# Task requirements
The stretch from the line with "La storia racconta" through the line with "있다. /사진제공=롯데백화점 |" in the records below: write it out exactly, and nothing else.

# Data listing
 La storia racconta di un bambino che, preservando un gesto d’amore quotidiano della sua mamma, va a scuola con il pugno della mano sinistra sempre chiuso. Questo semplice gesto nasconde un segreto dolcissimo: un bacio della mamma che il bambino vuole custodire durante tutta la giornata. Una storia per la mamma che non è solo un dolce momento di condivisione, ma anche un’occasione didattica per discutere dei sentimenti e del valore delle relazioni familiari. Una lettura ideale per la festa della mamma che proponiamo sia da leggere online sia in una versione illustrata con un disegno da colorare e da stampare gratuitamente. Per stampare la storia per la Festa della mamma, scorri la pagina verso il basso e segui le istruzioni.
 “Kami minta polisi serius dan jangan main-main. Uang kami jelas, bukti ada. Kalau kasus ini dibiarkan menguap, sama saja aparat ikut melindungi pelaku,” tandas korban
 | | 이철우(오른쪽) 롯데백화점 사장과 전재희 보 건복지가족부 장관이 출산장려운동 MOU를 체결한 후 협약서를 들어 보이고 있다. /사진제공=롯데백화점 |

* * *

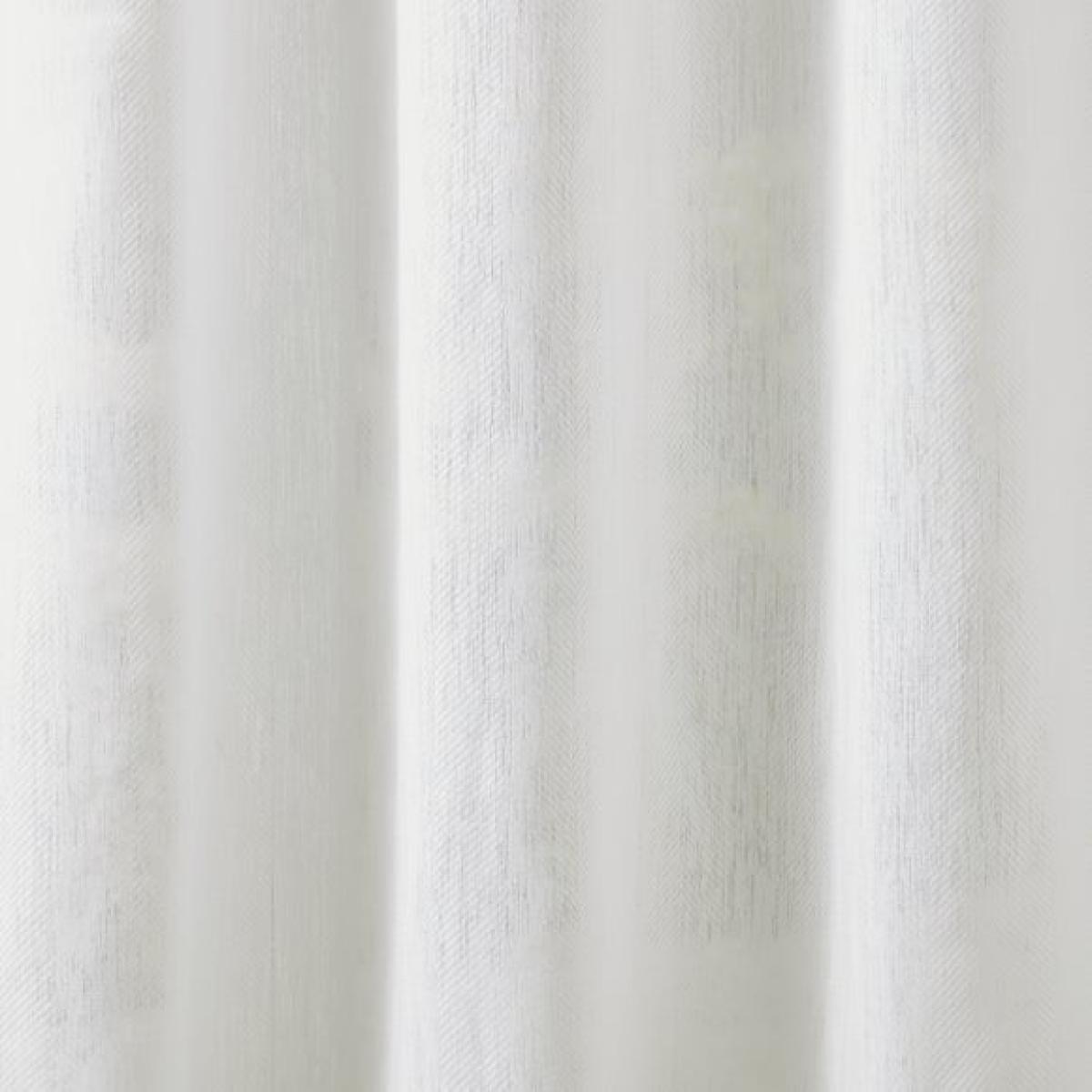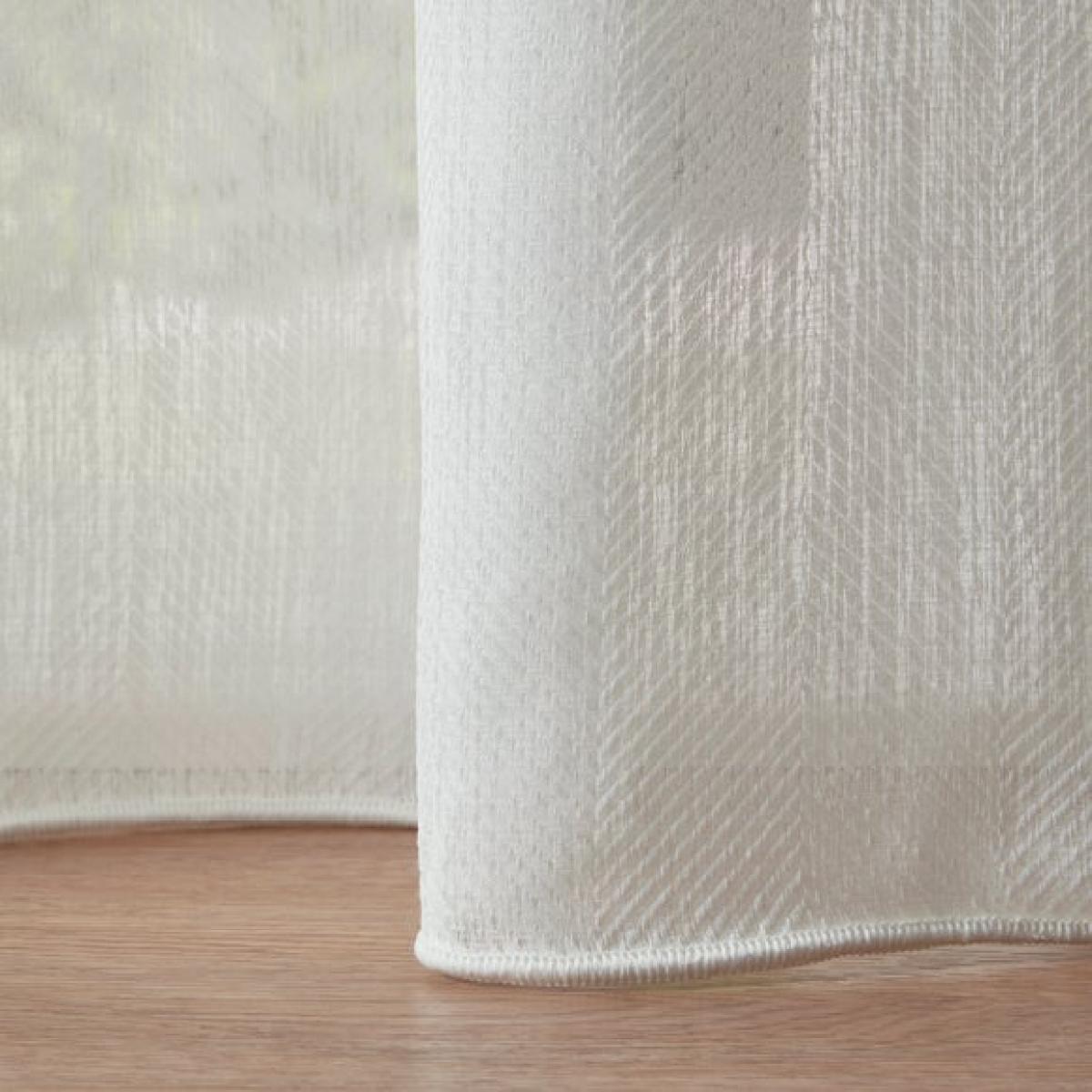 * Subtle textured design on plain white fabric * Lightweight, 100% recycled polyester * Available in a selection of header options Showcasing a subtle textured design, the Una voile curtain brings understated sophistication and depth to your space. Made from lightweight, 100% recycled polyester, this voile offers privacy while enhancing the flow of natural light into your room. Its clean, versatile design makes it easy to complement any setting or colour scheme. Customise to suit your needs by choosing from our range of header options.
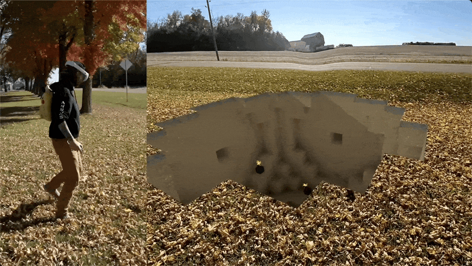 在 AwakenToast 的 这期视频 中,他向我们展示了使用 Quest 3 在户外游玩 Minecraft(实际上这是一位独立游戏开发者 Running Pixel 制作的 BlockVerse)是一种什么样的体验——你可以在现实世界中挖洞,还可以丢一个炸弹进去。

* * *

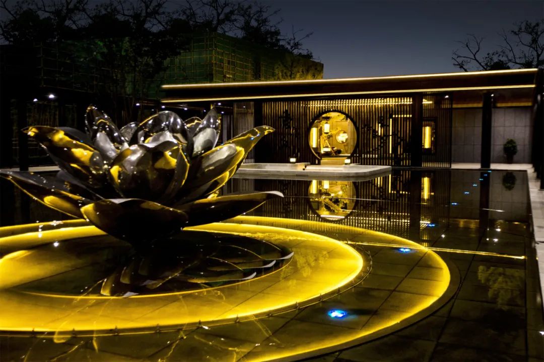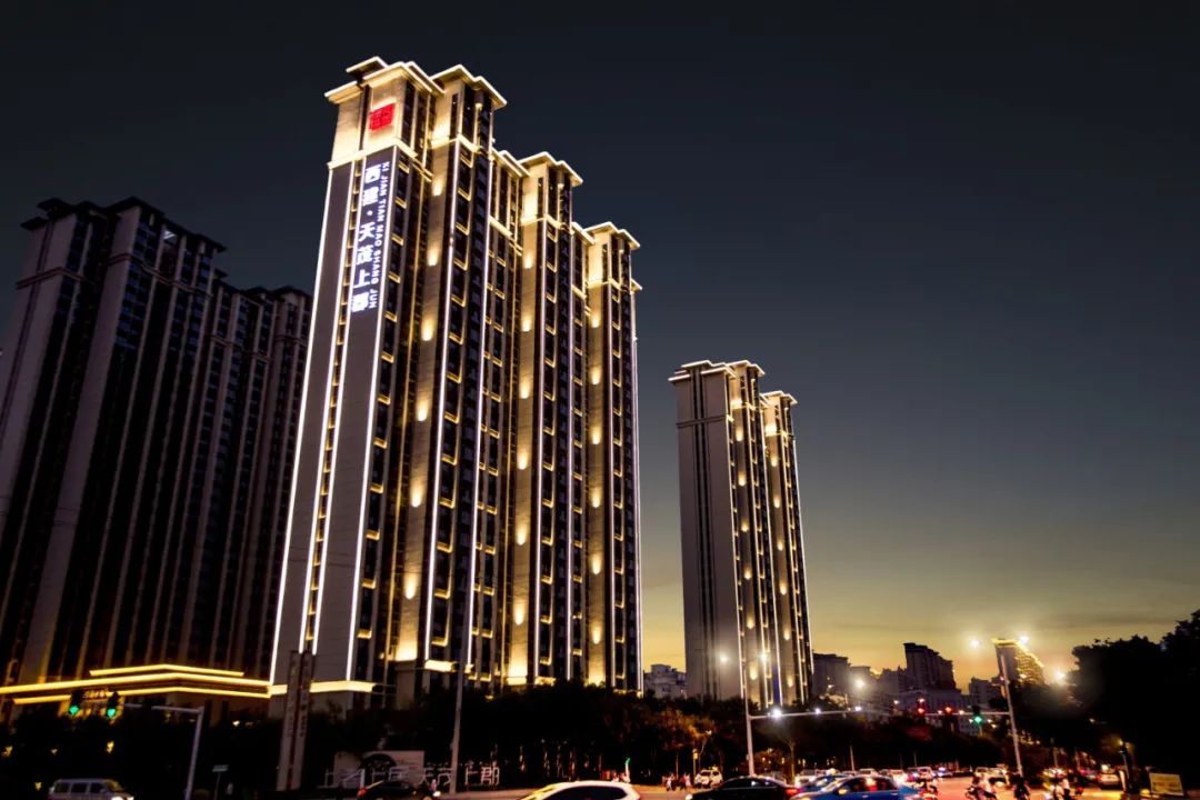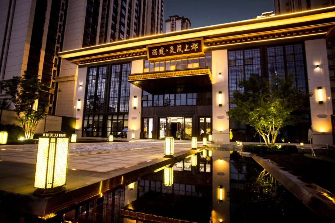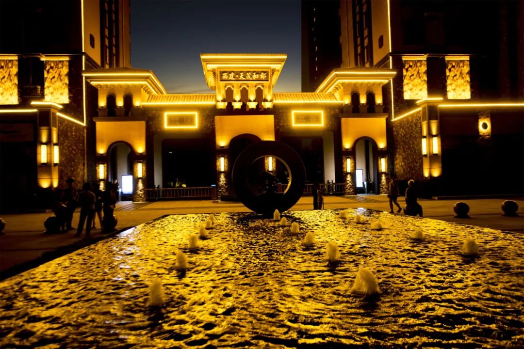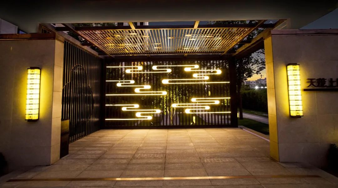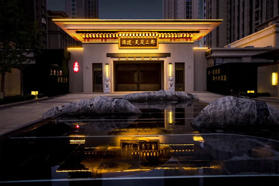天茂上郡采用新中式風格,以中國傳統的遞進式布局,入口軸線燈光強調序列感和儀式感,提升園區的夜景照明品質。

# Result below
 La storia racconta di un bambino che, preservando un gesto d’amore quotidiano della sua mamma, va a scuola con il pugno della mano sinistra sempre chiuso. Questo semplice gesto nasconde un segreto dolcissimo: un bacio della mamma che il bambino vuole custodire durante tutta la giornata. Una storia per la mamma che non è solo un dolce momento di condivisione, ma anche un’occasione didattica per discutere dei sentimenti e del valore delle relazioni familiari. Una lettura ideale per la festa della mamma che proponiamo sia da leggere online sia in una versione illustrata con un disegno da colorare e da stampare gratuitamente. Per stampare la storia per la Festa della mamma, scorri la pagina verso il basso e segui le istruzioni.
 “Kami minta polisi serius dan jangan main-main. Uang kami jelas, bukti ada. Kalau kasus ini dibiarkan menguap, sama saja aparat ikut melindungi pelaku,” tandas korban
 | | 이철우(오른쪽) 롯데백화점 사장과 전재희 보 건복지가족부 장관이 출산장려운동 MOU를 체결한 후 협약서를 들어 보이고 있다. /사진제공=롯데백화점 |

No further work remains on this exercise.